Extract the text of each entry below exactly, leaving every image behind.

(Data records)
------------------------------
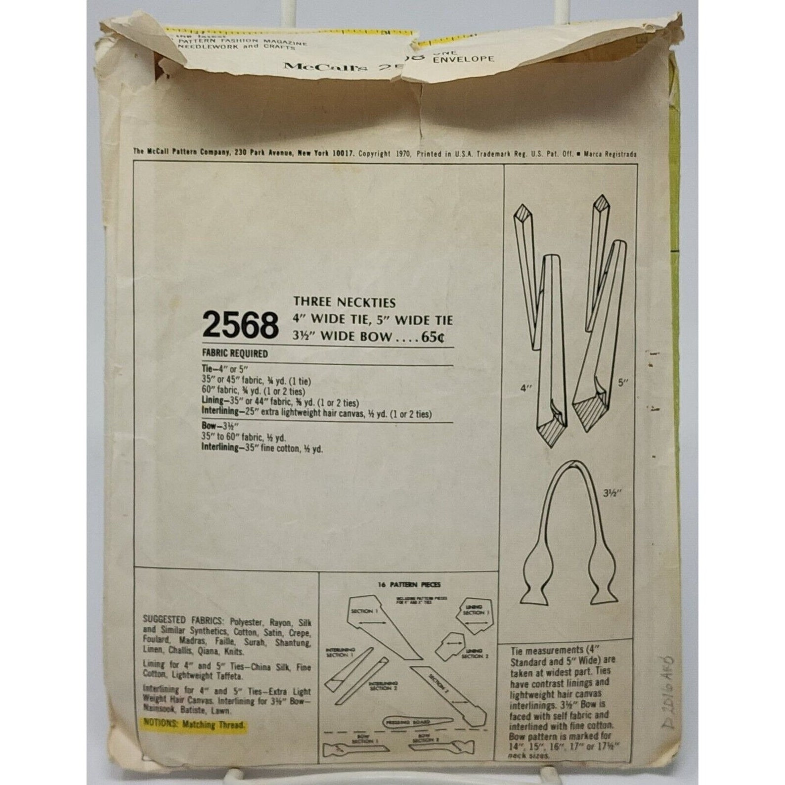 2568 McCalls Vintage 70's Three Wide Neckties Sewing Pattern | eBay
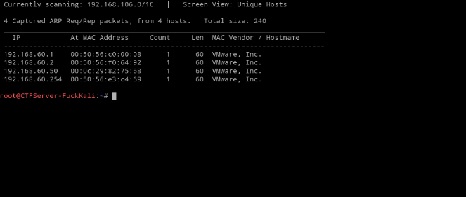 一、在攻击者机器上,使用Nmap或netdiscover工具扫描子网的机器,发现靶机的IP地址。【实验中,大家环境不同,发现的IP地址和图中不一定一致】
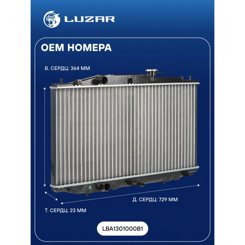 Радиатор охлаждения для автомобилей Breez (07-) 1.3i/1.6i Характеристики: Артикул: LRc 3006 OEM номера: LBA1301000B1 Трансмиссия: MT Кондиционер: +/- Длина сердцевины, мм: 729 Высота сердцевины, мм: 364 Толщина сердцевины, мм: 23 Тип сердцевины: сборная Подходит для авто: Lifan Breez (07-) Для проверки применяемости отправьте VIN автомобиля через вкладку "Есть вопросы о товаре?" Комплектация: Паспорт изделия Радиатор охлаждения Гарантия: от 1 года.
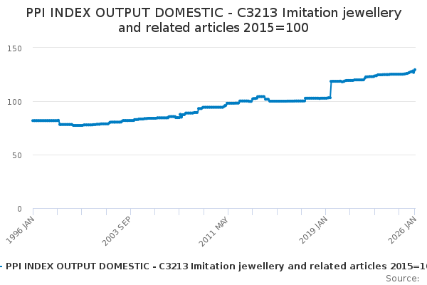 Download this time seriesPPI INDEX OUTPUT DOMESTIC - C3213 Imitation jewellery and related articles 2015=100
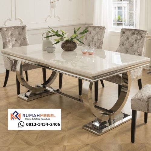 Meja Makan Mewah Kaki Stainless & Top Marmer – Desain Modern Elegan
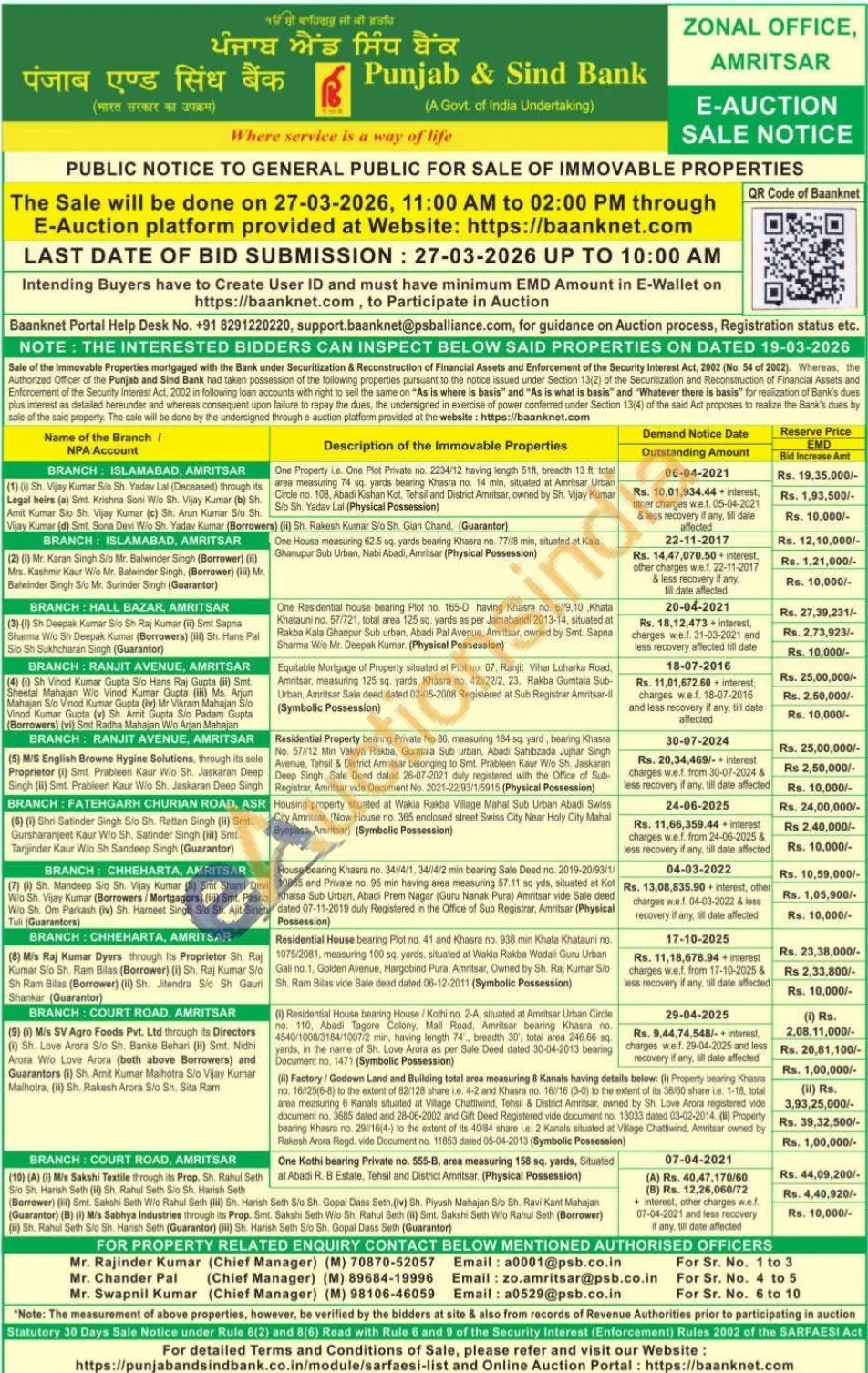 One Property ie. One Plot Private no. 2234/12 having length 51ft, breadth 13 ft, total area measuring 74 sq. yards bearing Khasra no. 14 min, situated at Amritsar Urban Circle no. 108, Abadi Kishan Kot, Tehsil and District Amritsar, owned by Sh. Vijay Kumar Sio Sh. Yadav Lal (Physical Possession)
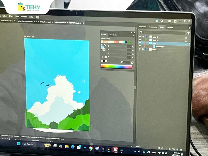 Nguyên đã học tại Teky khoảng một năm. Khi nhắc lại thời gian đầu, bạn chỉ cười: “Lúc mới học thấy phần nào cũng khó.” Không phải chỉ một bài, mà gần như mọi thứ đều mới. Từ việc làm quen với phần mềm, hiểu cách hoạt động của từng công cụ, đến việc sắp xếp bố cục sao cho hợp lý. Có những bước tưởng chừng đơn giản nhưng lại phải làm đi làm lại nhiều lần.
------------------------------
→ EXERCISE RESULT:
 2568 McCalls Vintage 70's Three Wide Neckties Sewing Pattern | eBay
 一、在攻击者机器上,使用Nmap或netdiscover工具扫描子网的机器,发现靶机的IP地址。【实验中,大家环境不同,发现的IP地址和图中不一定一致】
 Радиатор охлаждения для автомобилей Breez (07-) 1.3i/1.6i Характеристики: Артикул: LRc 3006 OEM номера: LBA1301000B1 Трансмиссия: MT Кондиционер: +/- Длина сердцевины, мм: 729 Высота сердцевины, мм: 364 Толщина сердцевины, мм: 23 Тип сердцевины: сборная Подходит для авто: Lifan Breez (07-) Для проверки применяемости отправьте VIN автомобиля через вкладку "Есть вопросы о товаре?" Комплектация: Паспорт изделия Радиатор охлаждения Гарантия: от 1 года.
 Download this time seriesPPI INDEX OUTPUT DOMESTIC - C3213 Imitation jewellery and related articles 2015=100
 Meja Makan Mewah Kaki Stainless & Top Marmer – Desain Modern Elegan
 One Property ie. One Plot Private no. 2234/12 having length 51ft, breadth 13 ft, total area measuring 74 sq. yards bearing Khasra no. 14 min, situated at Amritsar Urban Circle no. 108, Abadi Kishan Kot, Tehsil and District Amritsar, owned by Sh. Vijay Kumar Sio Sh. Yadav Lal (Physical Possession)
 Nguyên đã học tại Teky khoảng một năm. Khi nhắc lại thời gian đầu, bạn chỉ cười: “Lúc mới học thấy phần nào cũng khó.” Không phải chỉ một bài, mà gần như mọi thứ đều mới. Từ việc làm quen với phần mềm, hiểu cách hoạt động của từng công cụ, đến việc sắp xếp bố cục sao cho hợp lý. Có những bước tưởng chừng đơn giản nhưng lại phải làm đi làm lại nhiều lần.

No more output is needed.